Next do "why LLMs work" | alt Hacker News

singpolyma3 • today at 2:56 AM • 6 replies • view on HN

Next do "why LLMs work"

Replies

This is essentially an open research question. ML theory is unfortunately very weak relative to where the empirics are. I think there's a relatively optimistic paper that was posted a while back here but I would also take it with a grain of salt.

https://arxiv.org/abs/2604.21691

There's of course empirical results and relatively weak theoretical results like the UAT but I also don't think that answers your question fully, especially since it seems impossible to definitively answer questions that the industry seems to betting on like whether or not there is a lower bound to their error rate or whether hallucination as a problem can be solved. We have much stronger ideas of what linear regression is doing relative to what LLMs are doing.

sheeshkebab • today at 3:21 AM

considering they work with any architecture/configuration given enough compute, just more or less efficiently - then maybe it's fundamental, in the same sense as why electricity works...
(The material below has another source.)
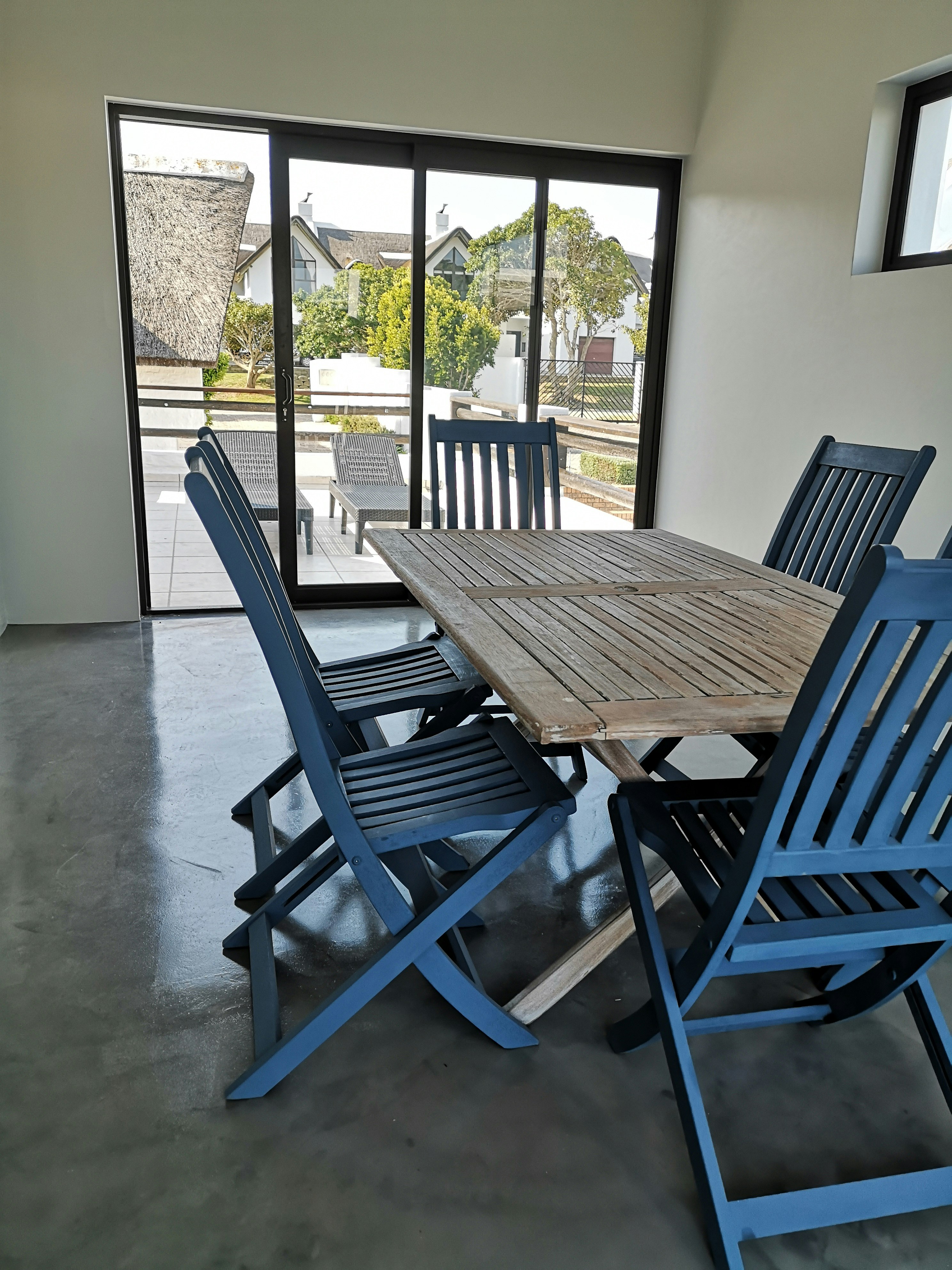 Die kombuis is toegerus met ‘n gaskookplaat, oond, yskas-vrieskas, mikrogolf, eetgerei en breekware. Daar is ook ‘n toonbank met stoele. Die eetarea het sitplek vir 12 en die sitarea het ‘n gemaklike sitkamerstel. ‘n Skuifdeur lei na ‘n tuin met 'n uitsig oor die kanaale. Daar is ook 'n binnekroeg en 'n braai-area.

krackers • today at 4:58 AM

See Tegmark's "why does deep cheap learning work so well" (well not so cheap anymore...)

https://www.youtube.com/watch?v=5MdSE-N0bxs is remarkably prescient given that it was written before LLMs

soupspaces • today at 3:33 AM

Universal approximation theorem, embeddings, self-attention, gradient descent. And empirically, scaling laws.

qsera • today at 10:56 AM

Because there are patterns everywhere!

skydhash • today at 3:59 AM

Why does linear regression works? Why does computer works? Because it's about math and the encoding information. If we can encode words as numbers, then why can't we encode their order as a relation? It's just that neural networks are very apt at finding that relation even if it's noisy.